過剰な親心 ~ つまずきは成長に不可欠

テスト一週間前のこと。「先生、今度のテストに向けてこれだけやっとけばいいって感じのプリントください。」と小学六年のA君。僕がけげんそうな顔をしていると、「母さんが先生に頼んでもらってこいって言うから」と言葉を続けた。

聞けば、「テストは準備が大切」と母親に言われ、どうテスト準備をするのが効果的かと親子で話し合ったという。ここまではえらい。ところがいくら額を合わせて考えても名案は思い浮かばず、先生ならオールインワンの「これだけプリント」みたいなものを持っているはず、という話になったらしい。

実は、テスト前になると「これだけプリント」を求めてくる生徒が少なくない。
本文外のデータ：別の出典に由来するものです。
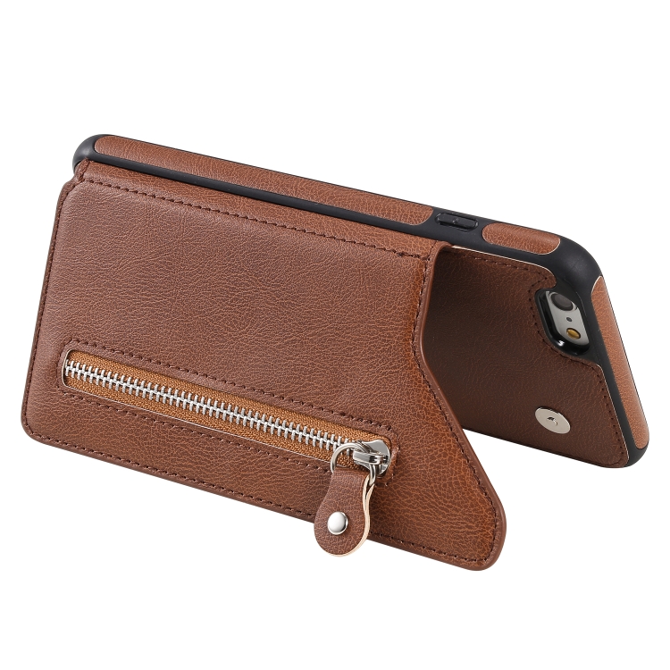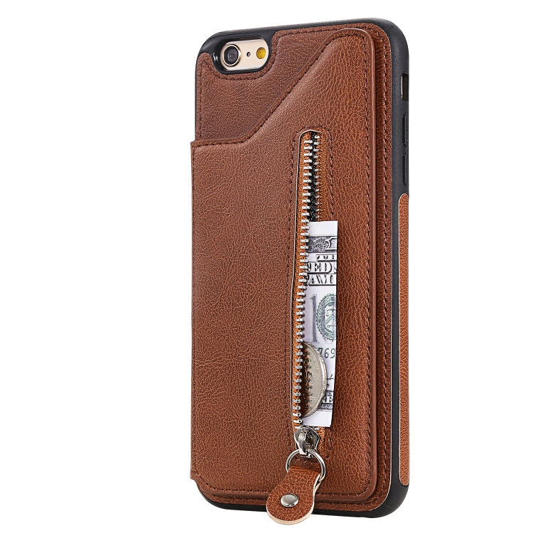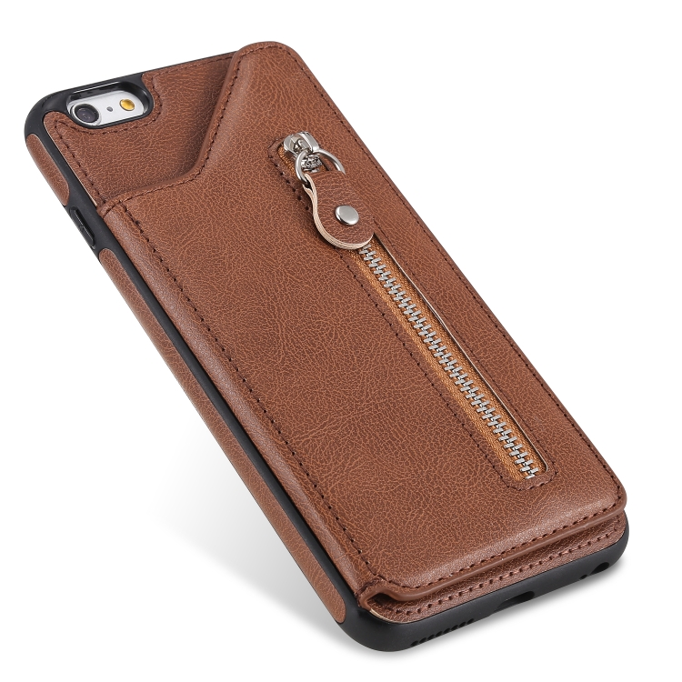Funda Protectora para iPhone 6 Plus a Prueba de Golpes con Cremallera y Doble Hebilla (Marrón)
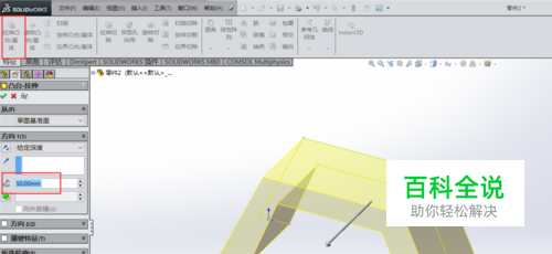 退出草图,选择“草图1”,进行凸台拉伸,设置拉伸长度
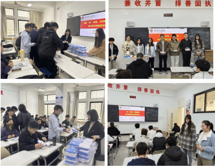 随后,各系专业教师有序为学生发放单片机实验板。拿到开发板的学生们热情高涨,纷纷表示将充分利用这一学习资源,在课余时间积极开展自主练习、参与学科竞赛,把理论知识转化为实际能力,在嵌入式、智能系统开发等领域不断学习创新,为未来职业发展积蓄力量。
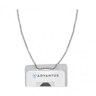 36" long nickel-plated chain has a strong connector to ensure constant closure. Designed to keep badge always in view. Rounded beads won't stick to clothing.
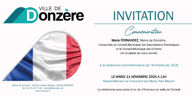 La Ville de Donzère vous invite à participer à la cérémonie commémorative de l’Armistice du 11 novembre 1918, en présence des élus, des anciens combattants, du Conseil municipal des enfants et des associations locales.
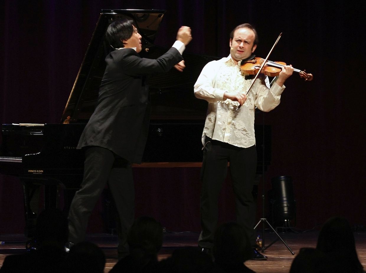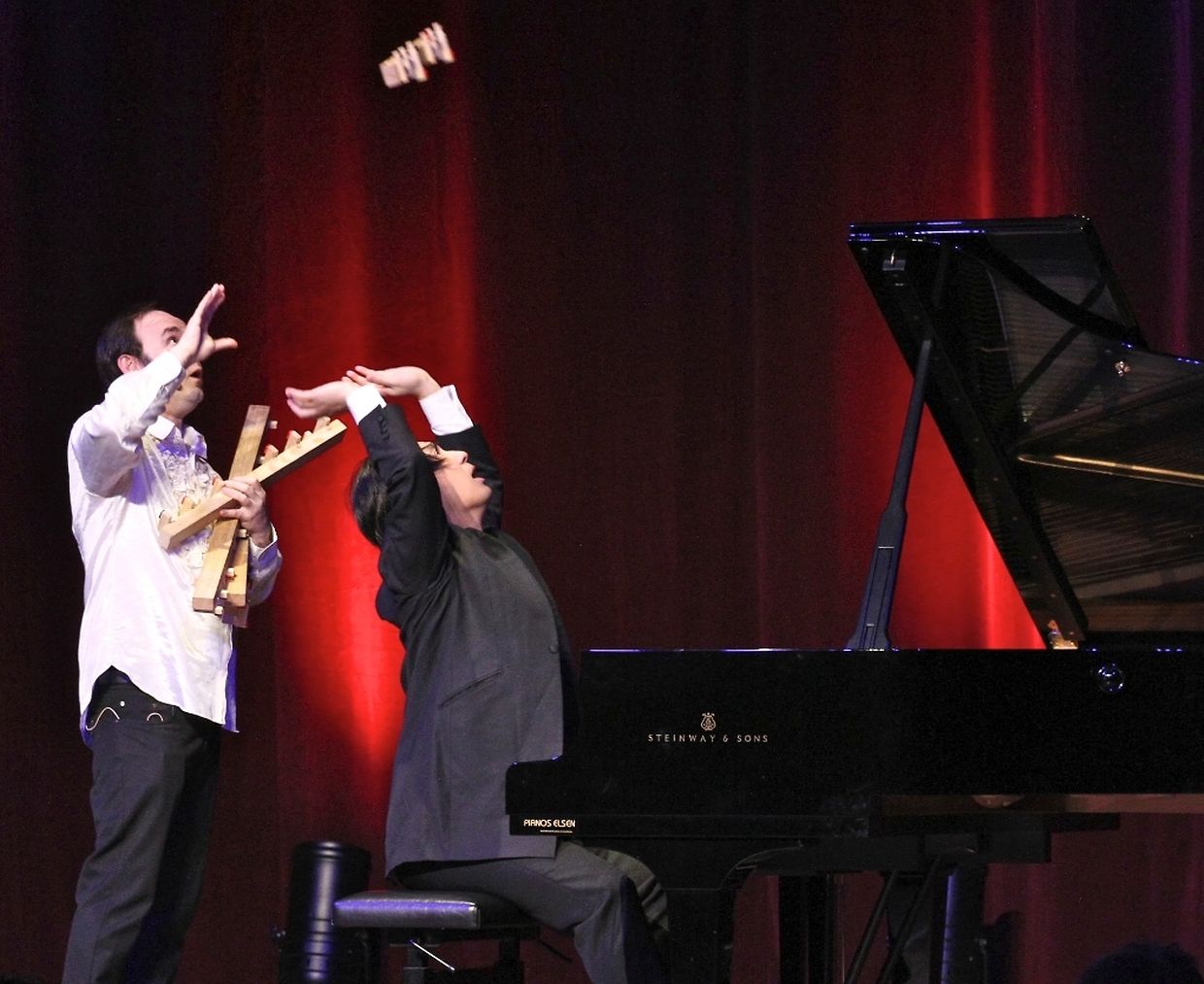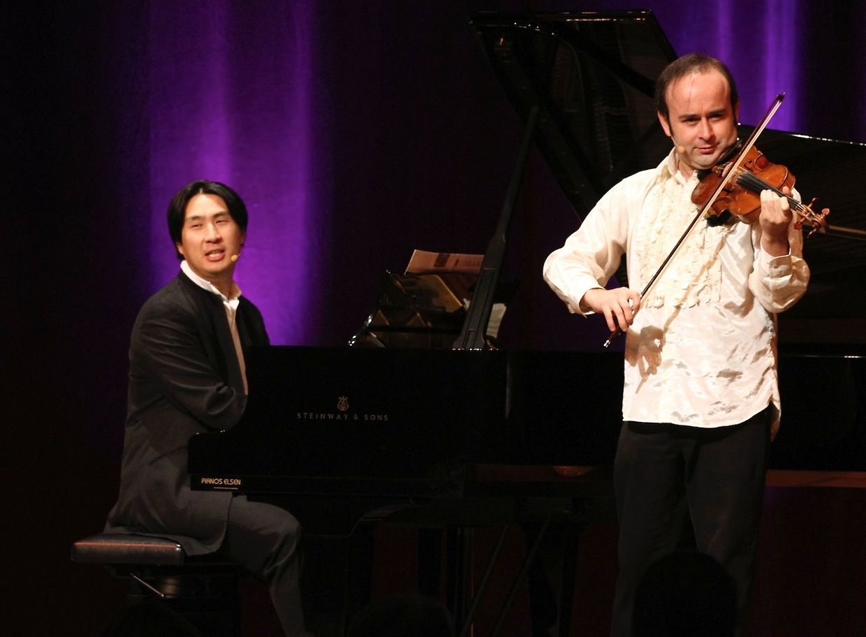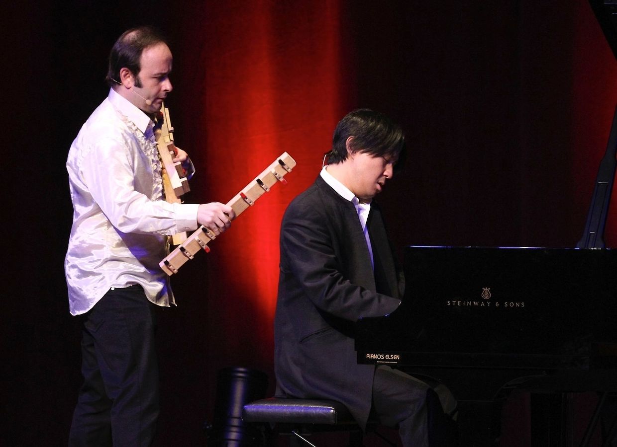 Wer sich bis dato eingebildet hatte, dass der 1. Satz von Mozarts Sinfonie Nr. 40 keinesfalls geeignet sei, als Titelmelodie von James Bond zu fungieren, wurde am Samstagaben in Marnach eines besseren belehrt. Nichts scheint unmöglich in den Augen der beiden Künstler. Da wird kurzerhand der Beatles Song „Ticket to Ride” zur barocken Koloraturarie und endet zur allgemeinen Begeisterung in schrillen kubanischen Rythmen. Selbst Rachmaninov´s Prelude in C-Sharp Minor, Op 3, No. 2, die anfangs an den kleinen Händen des Pianisten Joo zu scheitern drohte, wird letztendlich doch noch mit Bravour und diversen hölzernen Hilfsmitteln zum wahren Ohrenschmaus.

多くの場合、子どもの後ろに「きいてごらん」と子どもを後押しする親がいるようだ。子どもをできる限りサポートしてやりたいという熱心な親ではある。が、熱心が過ぎて、数字で見える結果ばかりが気になってしまう。

子どもが「良い点を取りたい」と思うのは良いことだし、親が「良い点を取らせてやりたい」と願う気持ちも分かる。だが、テストを受ける前に、「そっくりな問題」をやって高得点を得たところで、どれだけ意味があるのか。結果が良ければ自信になり、向学心も高まるという点は否定しないが、安易に点をとる術だけを身につけても正しい勉強法を体得したとは言えない。

どんなにできる子であっても「常勝」はない。どこかでつまずき痛い思いをしながら、次には失敗しない方法を考えようとするから、伸びていくのだと思う。

ところが、最近はそのつまずきを「ムダな労力」と考える親が増えていないか。無理なく無駄なく学ばせたいとの思いが高じて、成長に必要な負荷や経験まで省力化するのはマイナスでしかない。

「これだけやっとけば大丈夫」というような魔法の特効薬などあるはずがない。ないものねだりするのはよして、あえてわが子に一言言ってやってほしい。「手間を惜しむとあとで泣くぞ」と。